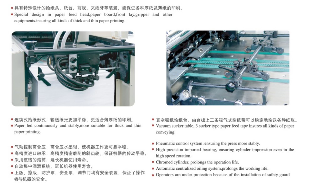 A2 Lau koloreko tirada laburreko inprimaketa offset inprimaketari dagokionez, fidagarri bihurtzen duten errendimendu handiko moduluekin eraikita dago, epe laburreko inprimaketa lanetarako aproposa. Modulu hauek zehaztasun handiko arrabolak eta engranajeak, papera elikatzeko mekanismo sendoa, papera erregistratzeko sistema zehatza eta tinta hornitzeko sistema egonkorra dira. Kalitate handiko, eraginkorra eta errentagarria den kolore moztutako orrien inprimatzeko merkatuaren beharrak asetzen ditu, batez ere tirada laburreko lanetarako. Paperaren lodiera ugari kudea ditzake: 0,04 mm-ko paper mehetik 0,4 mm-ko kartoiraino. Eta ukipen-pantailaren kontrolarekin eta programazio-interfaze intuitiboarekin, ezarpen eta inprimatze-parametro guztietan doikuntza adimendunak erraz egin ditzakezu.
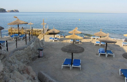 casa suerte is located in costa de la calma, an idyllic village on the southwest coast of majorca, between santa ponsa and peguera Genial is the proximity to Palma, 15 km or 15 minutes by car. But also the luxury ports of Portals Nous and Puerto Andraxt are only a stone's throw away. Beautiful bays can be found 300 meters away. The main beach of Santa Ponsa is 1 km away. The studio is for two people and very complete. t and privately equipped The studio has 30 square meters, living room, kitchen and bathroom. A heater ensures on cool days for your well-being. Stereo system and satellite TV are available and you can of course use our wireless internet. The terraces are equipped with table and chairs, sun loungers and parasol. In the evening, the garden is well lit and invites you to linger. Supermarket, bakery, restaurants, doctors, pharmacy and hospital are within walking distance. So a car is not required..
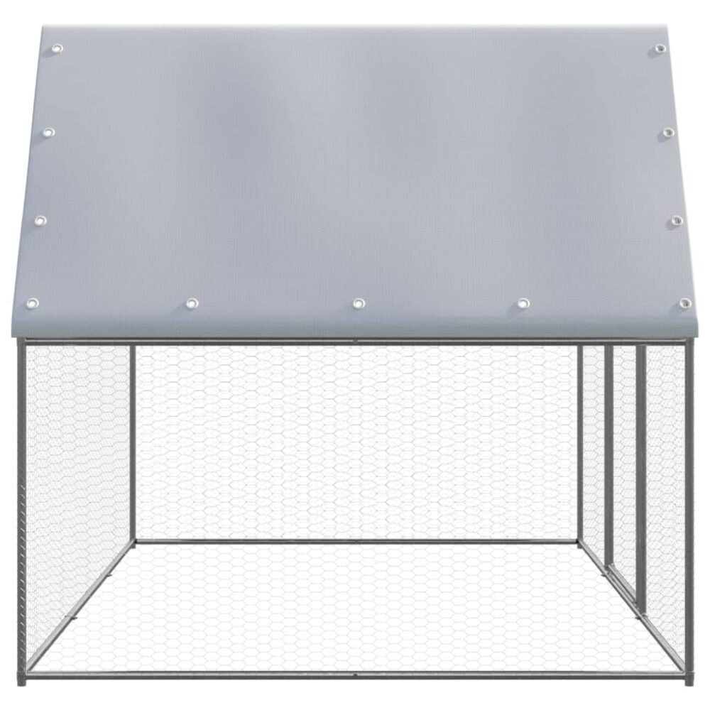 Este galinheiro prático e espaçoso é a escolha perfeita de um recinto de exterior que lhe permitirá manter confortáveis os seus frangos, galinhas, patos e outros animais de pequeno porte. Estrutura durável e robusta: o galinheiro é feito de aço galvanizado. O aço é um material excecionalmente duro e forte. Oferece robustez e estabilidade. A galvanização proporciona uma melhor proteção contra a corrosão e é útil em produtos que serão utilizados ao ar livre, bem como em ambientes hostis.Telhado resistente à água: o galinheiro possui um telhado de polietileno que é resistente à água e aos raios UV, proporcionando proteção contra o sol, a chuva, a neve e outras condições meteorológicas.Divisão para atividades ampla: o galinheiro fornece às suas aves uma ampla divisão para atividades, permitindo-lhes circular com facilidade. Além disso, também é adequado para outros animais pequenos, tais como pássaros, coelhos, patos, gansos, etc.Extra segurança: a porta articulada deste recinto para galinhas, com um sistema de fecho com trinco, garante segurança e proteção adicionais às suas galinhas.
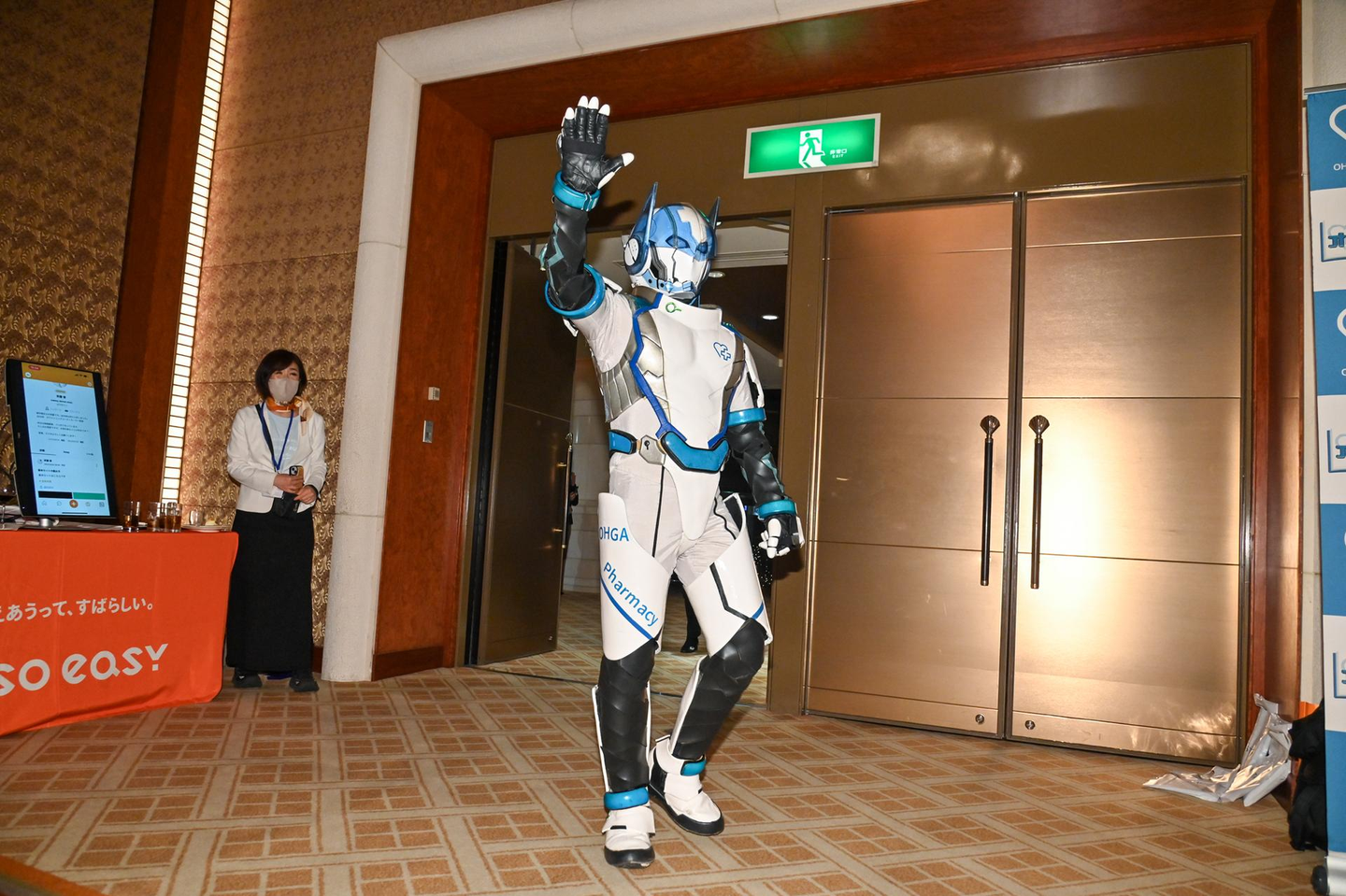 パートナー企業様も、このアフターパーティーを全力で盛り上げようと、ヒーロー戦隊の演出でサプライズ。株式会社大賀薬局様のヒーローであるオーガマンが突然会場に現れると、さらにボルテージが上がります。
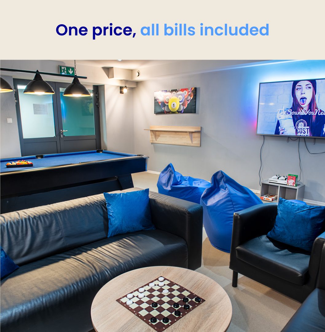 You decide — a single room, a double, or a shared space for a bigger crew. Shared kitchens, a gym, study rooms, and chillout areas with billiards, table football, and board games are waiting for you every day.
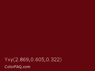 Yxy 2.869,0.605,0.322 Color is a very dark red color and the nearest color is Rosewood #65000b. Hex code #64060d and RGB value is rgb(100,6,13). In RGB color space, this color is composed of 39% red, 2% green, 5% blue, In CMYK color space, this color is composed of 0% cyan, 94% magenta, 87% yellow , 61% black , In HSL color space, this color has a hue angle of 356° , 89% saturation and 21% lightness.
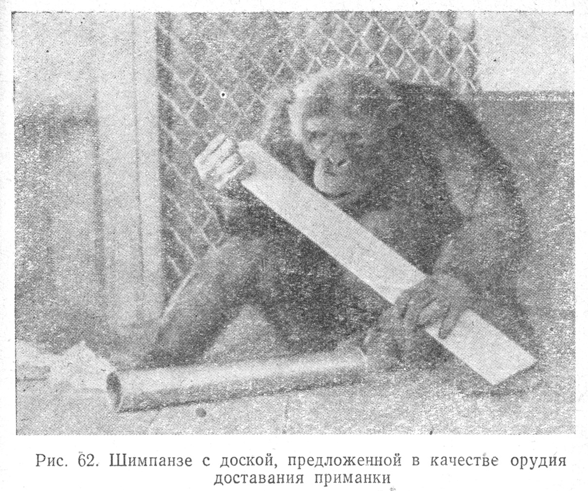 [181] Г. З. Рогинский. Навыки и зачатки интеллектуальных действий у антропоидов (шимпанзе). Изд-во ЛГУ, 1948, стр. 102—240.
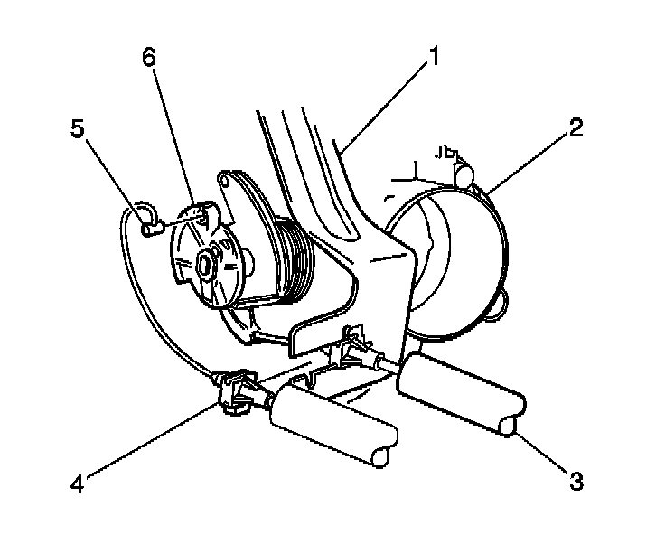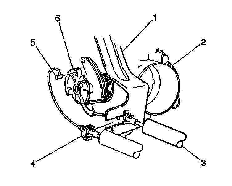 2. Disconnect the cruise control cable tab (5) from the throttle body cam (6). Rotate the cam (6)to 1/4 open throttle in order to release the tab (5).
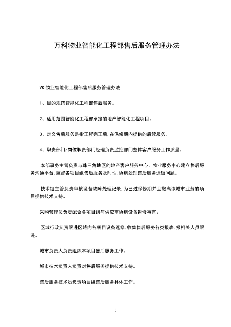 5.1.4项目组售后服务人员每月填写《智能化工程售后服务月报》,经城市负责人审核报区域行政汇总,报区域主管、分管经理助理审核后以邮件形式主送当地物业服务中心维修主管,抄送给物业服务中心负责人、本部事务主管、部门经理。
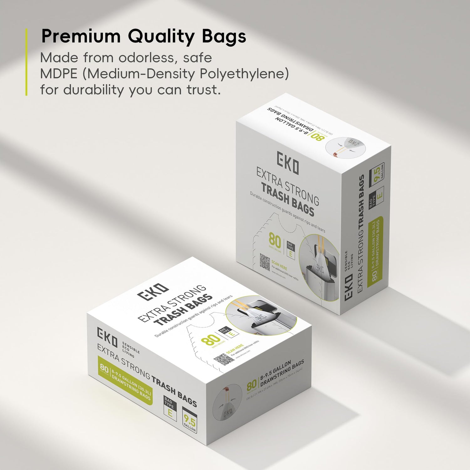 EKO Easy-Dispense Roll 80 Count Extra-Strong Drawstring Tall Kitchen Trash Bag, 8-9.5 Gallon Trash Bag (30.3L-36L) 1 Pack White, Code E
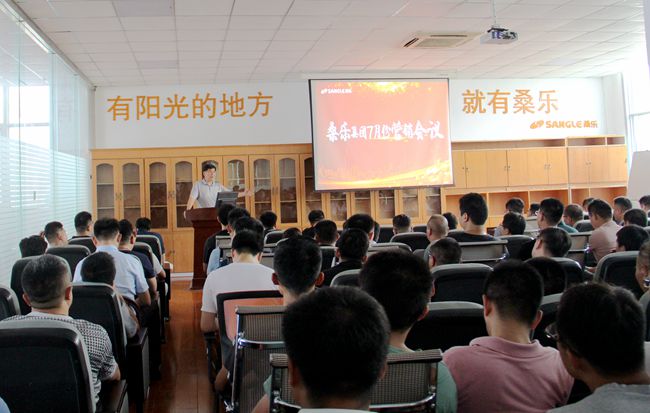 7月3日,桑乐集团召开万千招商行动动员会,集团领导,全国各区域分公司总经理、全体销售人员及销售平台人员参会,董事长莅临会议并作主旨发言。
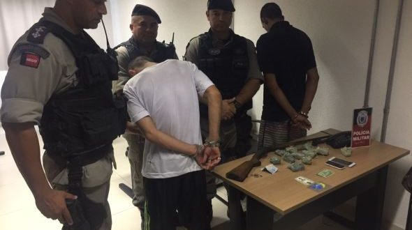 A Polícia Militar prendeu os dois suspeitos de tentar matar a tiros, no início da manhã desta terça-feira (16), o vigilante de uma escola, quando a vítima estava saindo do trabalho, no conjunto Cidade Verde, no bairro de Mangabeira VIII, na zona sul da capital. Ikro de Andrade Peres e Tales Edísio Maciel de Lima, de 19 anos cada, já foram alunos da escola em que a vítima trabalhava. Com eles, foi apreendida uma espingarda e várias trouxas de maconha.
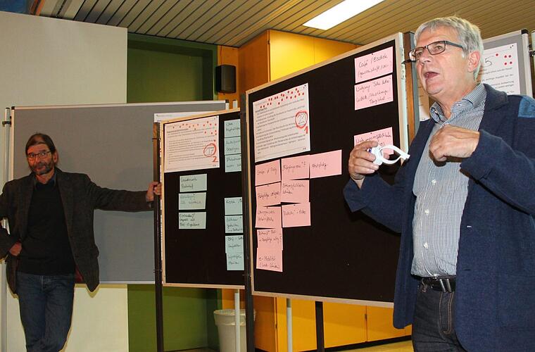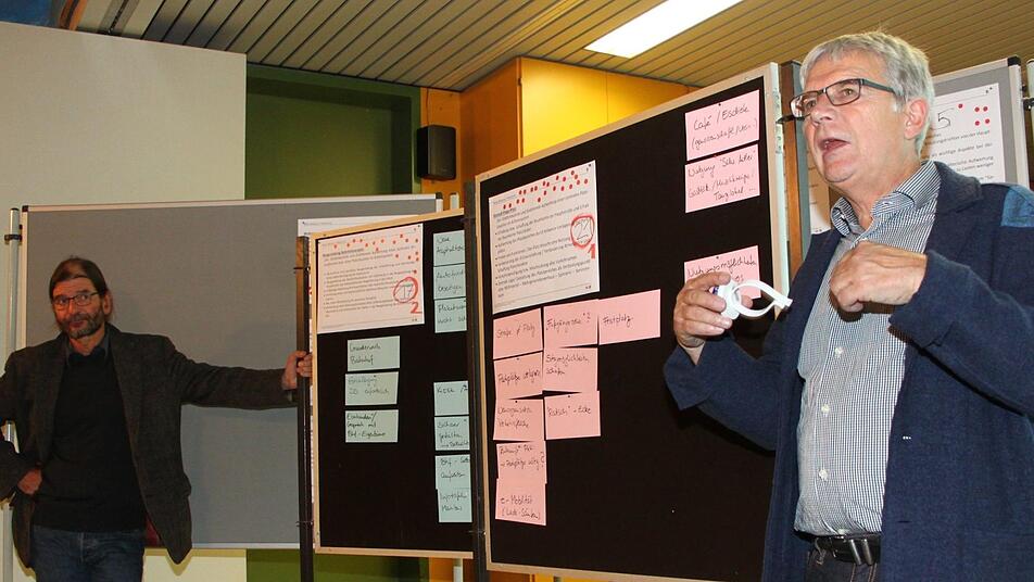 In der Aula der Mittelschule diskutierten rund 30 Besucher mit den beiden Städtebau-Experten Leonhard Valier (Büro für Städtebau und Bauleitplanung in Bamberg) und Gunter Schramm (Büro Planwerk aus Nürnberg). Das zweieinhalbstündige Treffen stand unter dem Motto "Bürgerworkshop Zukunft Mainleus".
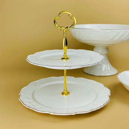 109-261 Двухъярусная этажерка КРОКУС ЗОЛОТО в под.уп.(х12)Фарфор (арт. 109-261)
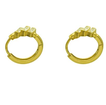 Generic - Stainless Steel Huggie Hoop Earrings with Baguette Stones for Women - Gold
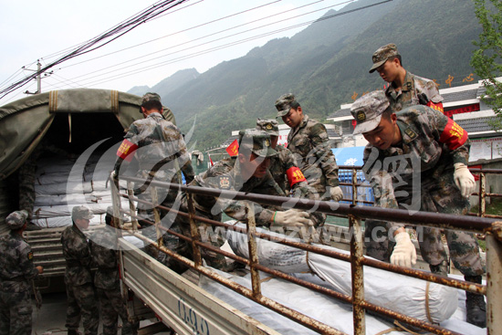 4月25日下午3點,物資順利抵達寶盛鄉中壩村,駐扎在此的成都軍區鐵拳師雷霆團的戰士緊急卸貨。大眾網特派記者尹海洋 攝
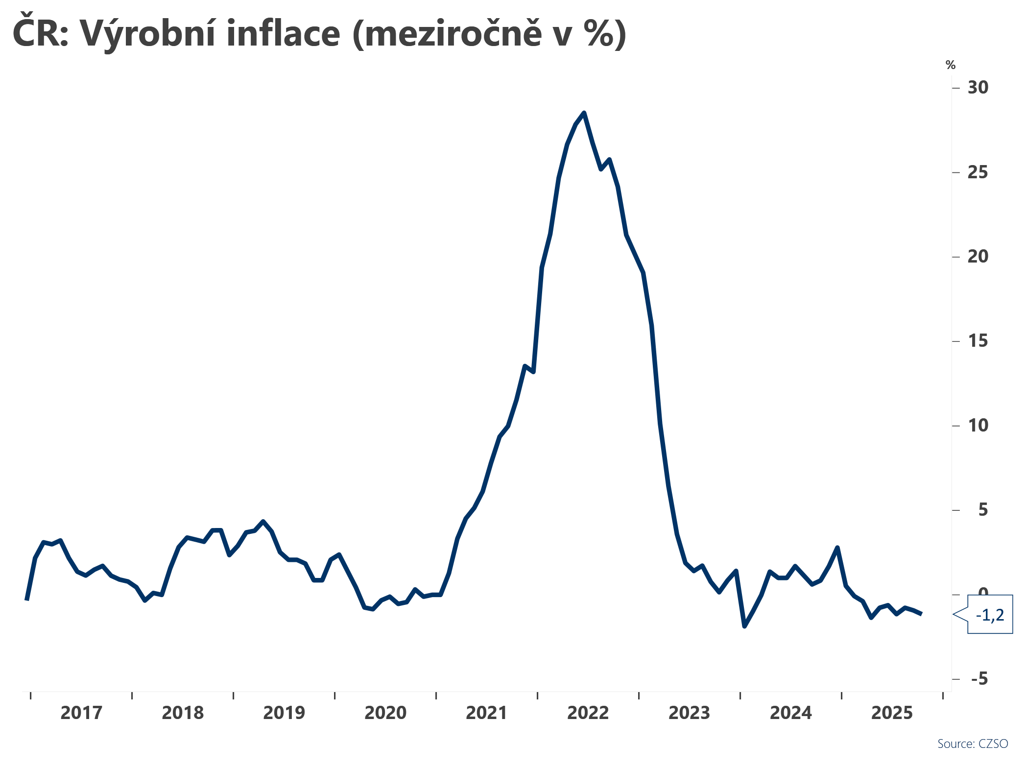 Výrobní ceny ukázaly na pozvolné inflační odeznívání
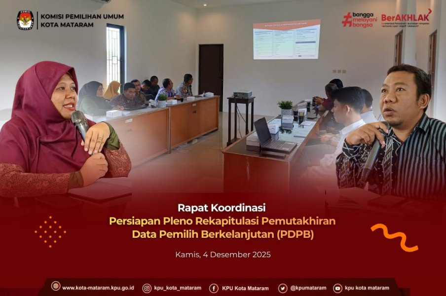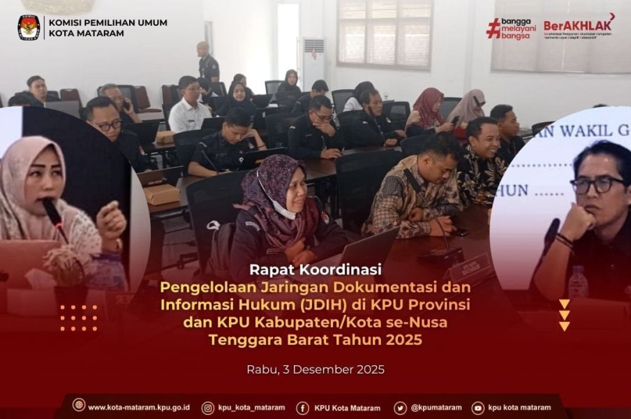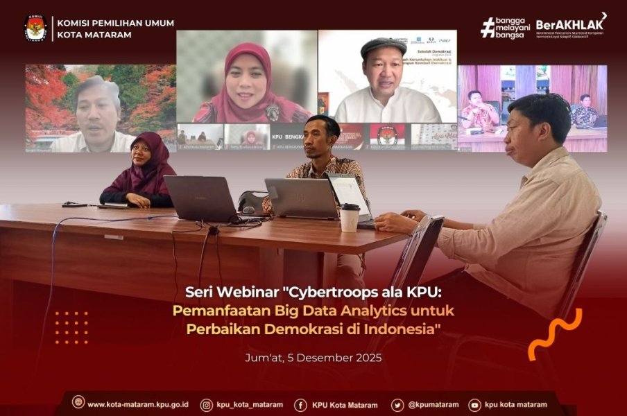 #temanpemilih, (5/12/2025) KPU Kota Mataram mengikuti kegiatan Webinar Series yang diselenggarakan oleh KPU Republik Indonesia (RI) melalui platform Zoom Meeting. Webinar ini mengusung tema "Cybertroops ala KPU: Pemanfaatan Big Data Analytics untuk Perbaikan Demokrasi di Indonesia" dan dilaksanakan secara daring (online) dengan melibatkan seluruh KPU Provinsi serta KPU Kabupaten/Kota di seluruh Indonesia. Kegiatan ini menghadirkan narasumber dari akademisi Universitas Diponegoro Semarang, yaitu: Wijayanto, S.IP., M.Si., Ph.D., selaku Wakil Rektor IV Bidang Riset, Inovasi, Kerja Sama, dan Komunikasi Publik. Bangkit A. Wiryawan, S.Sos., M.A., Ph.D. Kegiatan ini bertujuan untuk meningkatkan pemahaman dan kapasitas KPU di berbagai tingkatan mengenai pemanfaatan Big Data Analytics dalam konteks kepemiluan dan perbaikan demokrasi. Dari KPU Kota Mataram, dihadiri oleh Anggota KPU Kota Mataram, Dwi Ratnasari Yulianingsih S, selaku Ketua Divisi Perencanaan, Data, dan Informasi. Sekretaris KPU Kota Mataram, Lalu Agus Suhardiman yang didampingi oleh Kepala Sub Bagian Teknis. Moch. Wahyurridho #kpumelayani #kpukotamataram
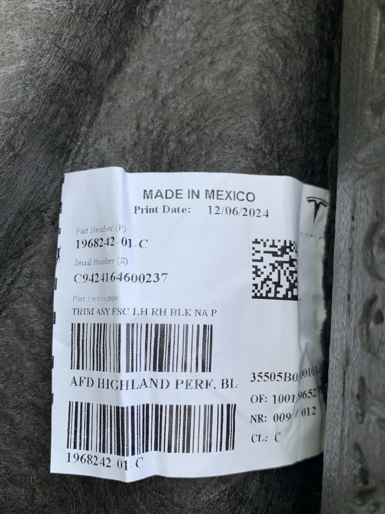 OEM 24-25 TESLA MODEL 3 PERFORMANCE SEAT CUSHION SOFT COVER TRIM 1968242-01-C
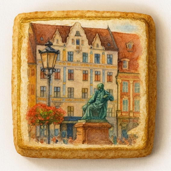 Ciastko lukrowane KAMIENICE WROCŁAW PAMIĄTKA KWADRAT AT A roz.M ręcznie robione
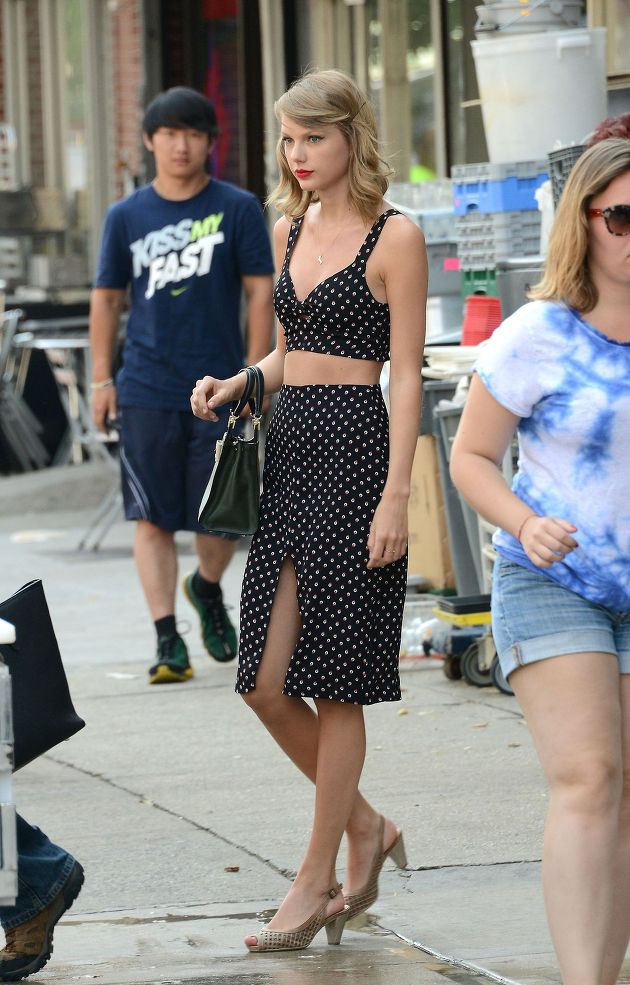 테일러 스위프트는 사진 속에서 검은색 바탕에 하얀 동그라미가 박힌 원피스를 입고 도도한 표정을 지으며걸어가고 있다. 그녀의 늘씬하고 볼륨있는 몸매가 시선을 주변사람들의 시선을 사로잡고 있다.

-=-=-

INSTRUCTIONS TO FOLLOW:
With pictures omitted, restate word for word every line above from the one containing "Ciastko lukrowane KAMIENICE" to the end of the entries.

SOLVED EXERCISE:
 Ciastko lukrowane KAMIENICE WROCŁAW PAMIĄTKA KWADRAT AT A roz.M ręcznie robione
 테일러 스위프트는 사진 속에서 검은색 바탕에 하얀 동그라미가 박힌 원피스를 입고 도도한 표정을 지으며걸어가고 있다. 그녀의 늘씬하고 볼륨있는 몸매가 시선을 주변사람들의 시선을 사로잡고 있다.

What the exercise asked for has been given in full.